(Dataset excerpts Opens)
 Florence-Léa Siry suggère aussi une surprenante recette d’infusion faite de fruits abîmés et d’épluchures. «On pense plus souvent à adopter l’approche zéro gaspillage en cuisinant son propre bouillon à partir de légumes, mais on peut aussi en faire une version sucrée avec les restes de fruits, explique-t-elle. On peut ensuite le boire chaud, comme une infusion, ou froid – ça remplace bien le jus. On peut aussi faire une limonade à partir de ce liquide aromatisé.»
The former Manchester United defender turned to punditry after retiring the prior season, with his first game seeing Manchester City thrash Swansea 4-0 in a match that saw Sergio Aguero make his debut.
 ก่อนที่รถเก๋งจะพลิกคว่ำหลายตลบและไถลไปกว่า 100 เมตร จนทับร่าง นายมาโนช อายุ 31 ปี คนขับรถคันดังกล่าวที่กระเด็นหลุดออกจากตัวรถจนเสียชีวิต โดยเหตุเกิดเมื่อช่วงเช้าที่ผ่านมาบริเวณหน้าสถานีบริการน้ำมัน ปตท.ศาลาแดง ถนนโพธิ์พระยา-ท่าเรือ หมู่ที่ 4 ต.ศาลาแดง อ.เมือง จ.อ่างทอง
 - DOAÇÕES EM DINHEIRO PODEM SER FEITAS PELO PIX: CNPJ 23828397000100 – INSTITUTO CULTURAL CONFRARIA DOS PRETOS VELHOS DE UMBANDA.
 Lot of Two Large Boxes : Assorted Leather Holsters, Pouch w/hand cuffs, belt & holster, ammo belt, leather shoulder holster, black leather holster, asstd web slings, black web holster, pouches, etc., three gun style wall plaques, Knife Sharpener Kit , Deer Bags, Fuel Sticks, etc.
(Dataset excerpts Closes)
(Dataset excerpts Opens)
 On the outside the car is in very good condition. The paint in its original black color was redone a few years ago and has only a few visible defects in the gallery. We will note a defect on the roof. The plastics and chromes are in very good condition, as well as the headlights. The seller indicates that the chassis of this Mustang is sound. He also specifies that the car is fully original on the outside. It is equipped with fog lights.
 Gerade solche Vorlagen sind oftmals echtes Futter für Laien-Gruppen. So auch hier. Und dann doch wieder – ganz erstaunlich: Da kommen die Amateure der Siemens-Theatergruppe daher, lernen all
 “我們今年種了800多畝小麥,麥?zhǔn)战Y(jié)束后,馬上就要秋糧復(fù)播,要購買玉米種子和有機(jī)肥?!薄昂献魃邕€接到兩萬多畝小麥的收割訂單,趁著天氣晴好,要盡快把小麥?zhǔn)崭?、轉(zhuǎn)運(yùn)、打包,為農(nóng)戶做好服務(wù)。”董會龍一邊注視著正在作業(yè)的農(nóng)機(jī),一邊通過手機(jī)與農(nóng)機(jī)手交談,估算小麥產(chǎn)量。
(Dataset excerpts Closes)
→ **Required work**:
Set down again, word for word, the stretch of records from the line with "The former Manchester" to the line with "Lot of Two Large", both of those lines included.

→ **Result for this task**:
The former Manchester United defender turned to punditry after retiring the prior season, with his first game seeing Manchester City thrash Swansea 4-0 in a match that saw Sergio Aguero make his debut.
 ก่อนที่รถเก๋งจะพลิกคว่ำหลายตลบและไถลไปกว่า 100 เมตร จนทับร่าง นายมาโนช อายุ 31 ปี คนขับรถคันดังกล่าวที่กระเด็นหลุดออกจากตัวรถจนเสียชีวิต โดยเหตุเกิดเมื่อช่วงเช้าที่ผ่านมาบริเวณหน้าสถานีบริการน้ำมัน ปตท.ศาลาแดง ถนนโพธิ์พระยา-ท่าเรือ หมู่ที่ 4 ต.ศาลาแดง อ.เมือง จ.อ่างทอง
 - DOAÇÕES EM DINHEIRO PODEM SER FEITAS PELO PIX: CNPJ 23828397000100 – INSTITUTO CULTURAL CONFRARIA DOS PRETOS VELHOS DE UMBANDA.
 Lot of Two Large Boxes : Assorted Leather Holsters, Pouch w/hand cuffs, belt & holster, ammo belt, leather shoulder holster, black leather holster, asstd web slings, black web holster, pouches, etc., three gun style wall plaques, Knife Sharpener Kit , Deer Bags, Fuel Sticks, etc.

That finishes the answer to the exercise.